◆ WORKING DATA:
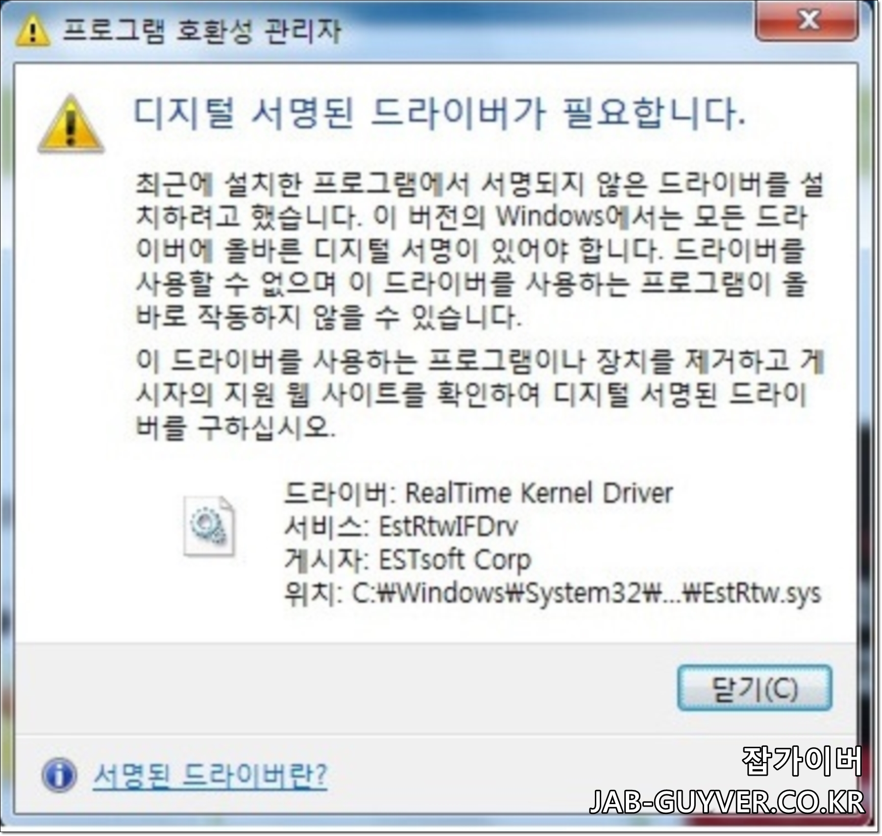 이 드라이버를 사용하는 프로그램이나 장치를 제거하고 게시자의 지원 웹 사이트를 확인하여 디지털 서명된 드라이버를 구하십시오
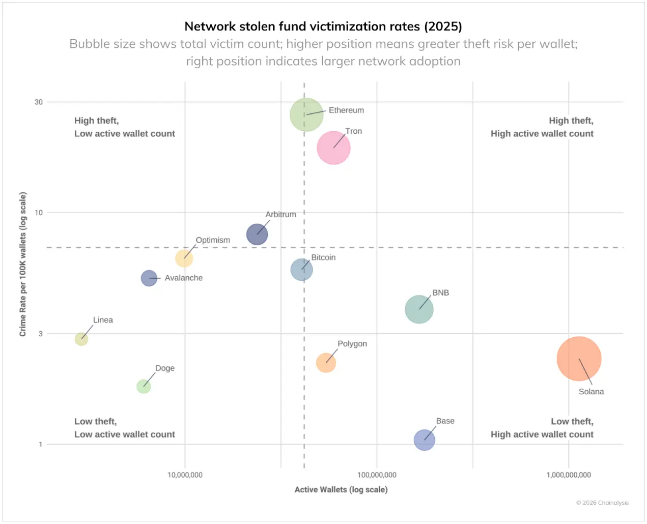 Network-specific victim data provides further insights into which areas pose the greatest threat to crypto users. The chart below shows victim data adjusted for the number of active personal wallets on each network. Measured as a crime rate per 100,000 wallets in 2025, Ethereum and Tron exhibit the highest theft rates. Ethereum’s large user base contributes to its high theft rate and victim count, while Tron’s ranking indicates a significant theft rate despite a smaller active wallet count. In contrast, Base and Solana show lower victim rates despite their substantial user bases.
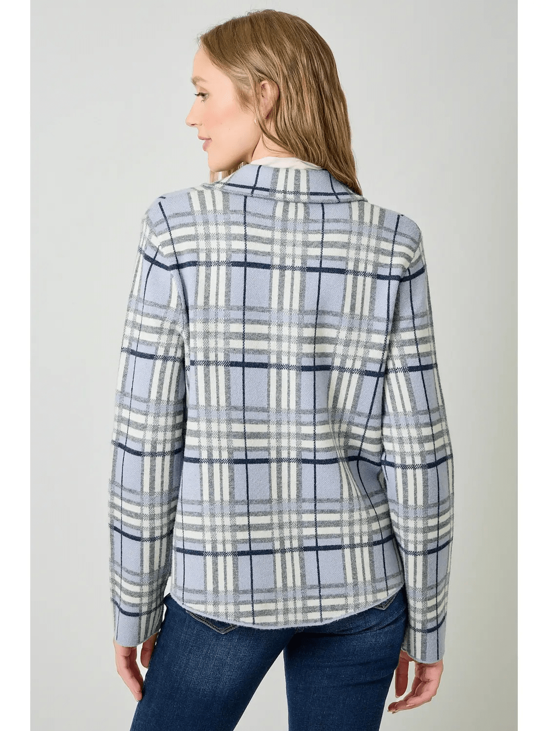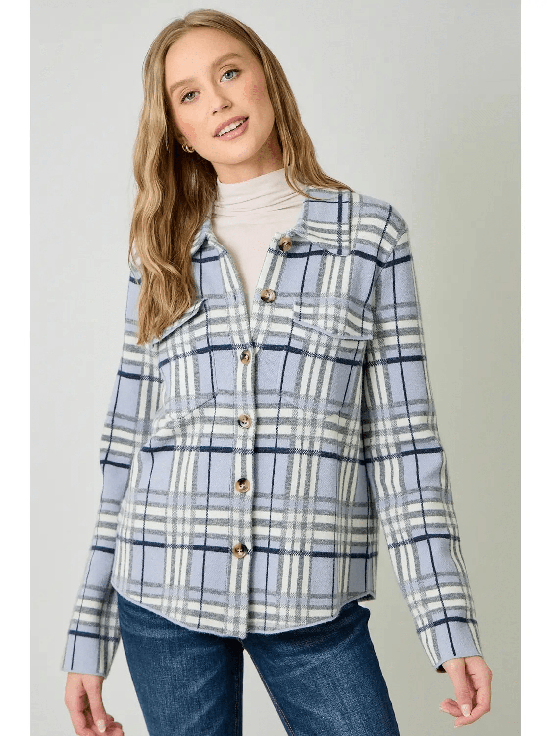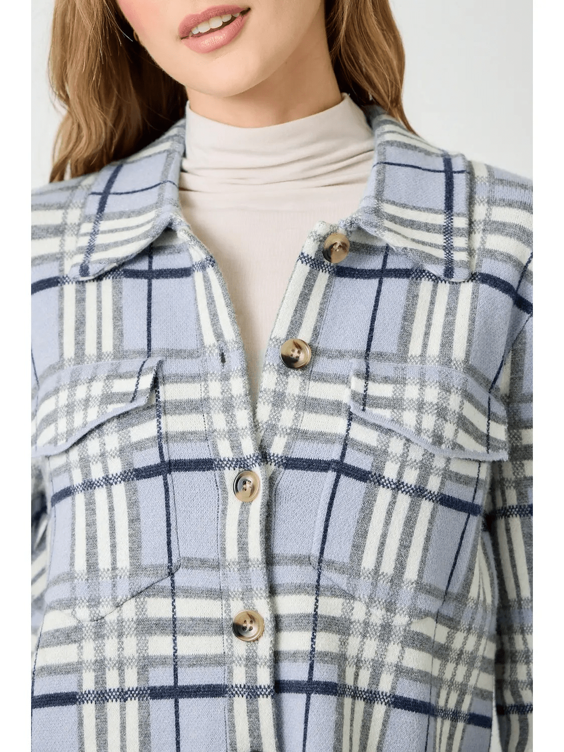 Plaid Patterned Shacket with a sweater feel, Button down, Chest pockets, Hi-lo hem.
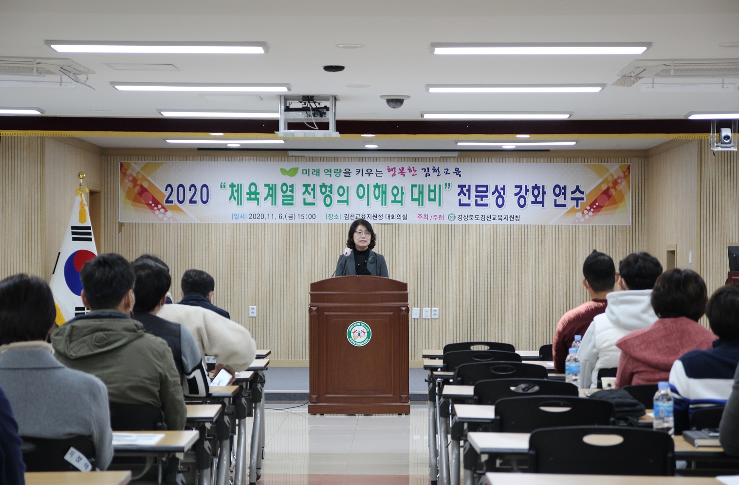| 경상북도김천교육지원청(교육장 마숙자)은 11월 6일(금) 오후 15시 김천교육지원청 대회의실에서 도내 중·고 체육교사 및 체육전공 전문직 50명을 대상으로 ‘2020 체육계열 전형의 이해와 대비’를 주제로 전문성 강화 연수를 개최하였다.
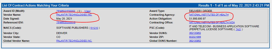 On May 13, 2021 the Department of Veterans Affairs (VA), Technology Acquisition Center issued a modification to i3 Federal, LLC (I3) for an extension to Contract NNG15SD31B Order 36C10B21F0031 for the current Palantir Gotham Software as a Service (SaaS) subscription to include hosting, operation support, professional services, and maintenance. VA issued a competitive solicitation on April 2, 2021 to compete for a new solution, but a pre-award protest filed with the Government Accountability Office has delayed award. VA has a continuing need for the data management and operational decision support currently being provided under this order. This modification will extend the current SaaS subscription to include hosting, operation support, professional services, and maintenance for three months with a three-month option period. Amount obligated at time of award $4,148,478.72, total award amount $8,296,957.44.
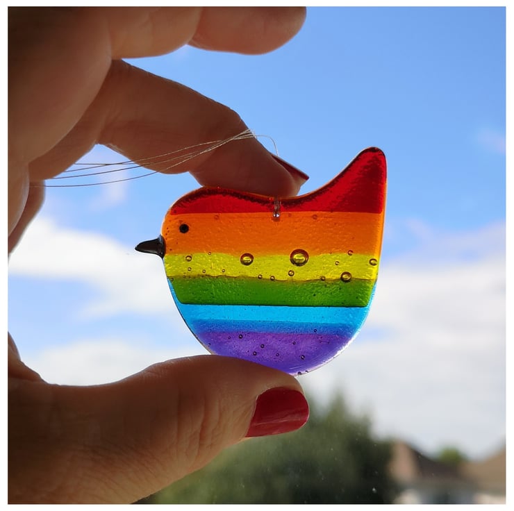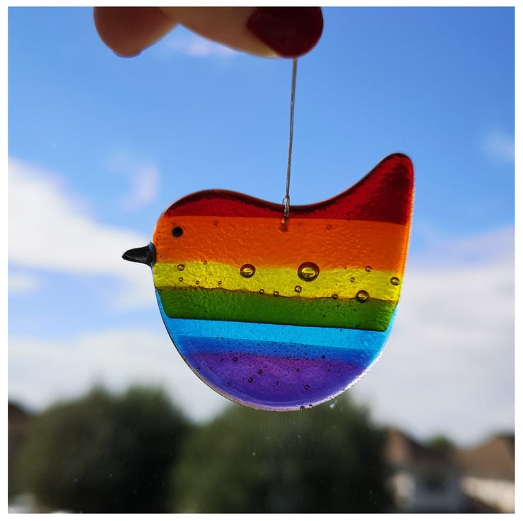 This purchase is for one chunky 'Rainbow Wren of Hope'. Bubbles is suspended from a length of invisible thread so you can hang it in the window to spread a little hope and colour into your home and neighbourhood.

◆ WHAT IS BEING ASKED: From the records above, quote word for word only the lines beginning at the line that has "Network-specific victim data" and stopping after the line that has "Plaid Patterned Shacket". Omit the pictures.

◆ EXERCISE OUTPUT:
 Network-specific victim data provides further insights into which areas pose the greatest threat to crypto users. The chart below shows victim data adjusted for the number of active personal wallets on each network. Measured as a crime rate per 100,000 wallets in 2025, Ethereum and Tron exhibit the highest theft rates. Ethereum’s large user base contributes to its high theft rate and victim count, while Tron’s ranking indicates a significant theft rate despite a smaller active wallet count. In contrast, Base and Solana show lower victim rates despite their substantial user bases.
 Plaid Patterned Shacket with a sweater feel, Button down, Chest pockets, Hi-lo hem.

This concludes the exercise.